Da oltre due secoli pensatori ed esponenti della comunità scientifica (G.P . Marsh, 
C. Darwin, A. Humbolt, T . Malthus, J. Lovelock e molti altri) hanno posto 
l’accento sull’interdipendenza che collega tutti gli elementi della complessa 
biosfera terrestre, uomo incluso, e sui rischi derivanti da uno stravolgimento di 
questi equilibri dinamici. Tuttavia, fino alla fine del secolo scorso, la fiducia 
incondizionata nel progresso ha fatto si che tali denunce ambientali non venissero 
prese seriamente in considerazione (Angelini e Pizzuto, 2007) e che non avvenisse 
una riflessione critica, un ripensamento ed una riprogettazione del modello di 
sviluppo.
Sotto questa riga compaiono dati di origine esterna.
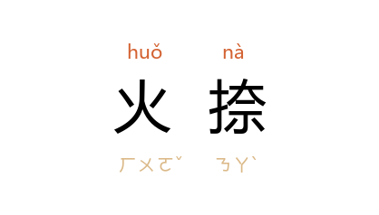 引清 屈大均 《广东新语·石语·端石》:“﹝端石﹞凡十餘种,其火捺以紫气奔而迴礴,又如血晕散开,有若云雾之气,或小而圆轮若金钱者。”清 钮琇 《觚賸·石言》:“峡石矿凡十一,北岸坑曰‘阿婆’,曰‘白婆坟’,其石质黯黝不鲜佳者,亦有火捺纹、蕉叶白。”
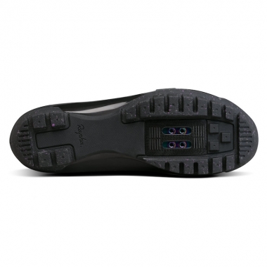 シューズの核となるソールはカーボン製のプレート。ロード用シューズと同様の軽量性と高い剛性を誇るが、1つ大きな違いがある。カーボン製のプレートは、かかとから3cm、つま先から2cmずつ短くカットされているため、前後の柔軟性が向上している。悪路や急坂でバイクを押さなければならない状況でも、快適に歩みを進めることができる。また、頑丈なゴム製トレッドがどんな路面でも抜群のトラクションを発揮。クリートが突き出ないデザインによりスリップの心配もない。
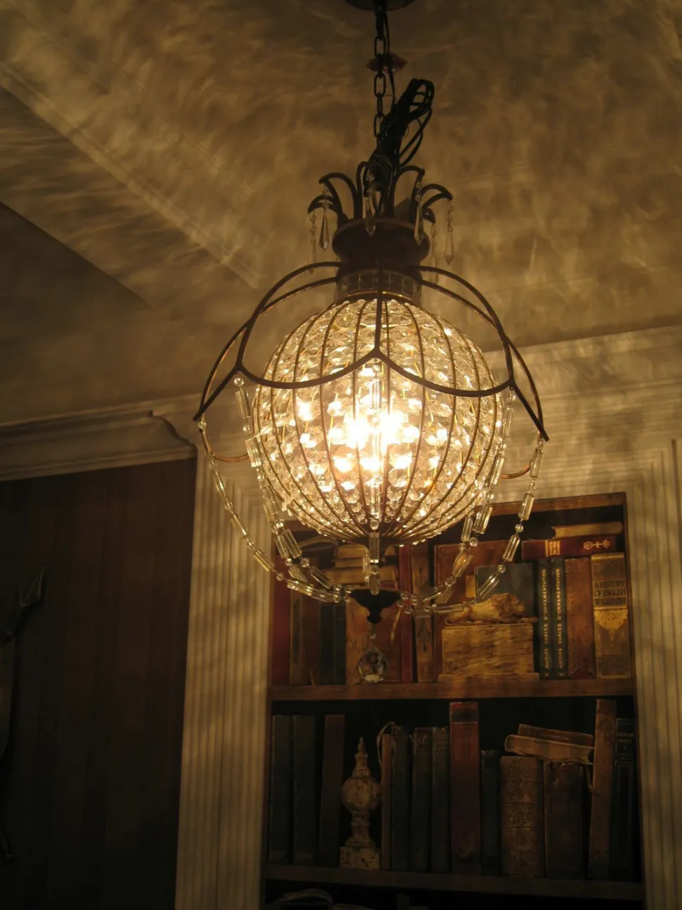 Prunkvolle Pendelleuchte mit kunstvollem Kugelschirm und edlen Verzierungen im Barock Design

Solo in tempi recenti, a fronte dell’evidente situazione di criticità in cui 
versano le risorse naturali e a fronte di una popolazione mondiale che raggiungerà 
i 10 miliardi nel 2050, è stata riconosciuta l’oggettività dei problemi ambientali, 
e si è delineata nelle politiche di sviluppo l’urgenza e la necessità di ripensare 
alle attività antropiche nella direzione di una presenza umana maggiormente 
sostenibile. Stiamo assistendo al lento e difficile tramonto di un paradigma che 
vedeva l’uomo usare la propria intelligenza, la propria conoscenza dei 
meccanismi di funzionamento della natura, per modificarla e renderla capace di 
rispondere unicamente ai suoi bisogni; questo modello oggi è insufficiente per 
due ragioni: la prima è che questo approccio, se non accompagnato da una 
comprensione profonda della natura che vada oltre l’esigenza contingente, porta 
a generare esternalità negative; la seconda è che, considerate le attuali 
dimensioni della società umana e la pressione ecologica che ne deriva, appare 
evidente come non sia più possibile trascurare l’impatto ambientale di tali 
esternalità, come spesso è potuto avvenire in un passato caratterizzato da una 
pressione antropica minore (Malucchi, 2011).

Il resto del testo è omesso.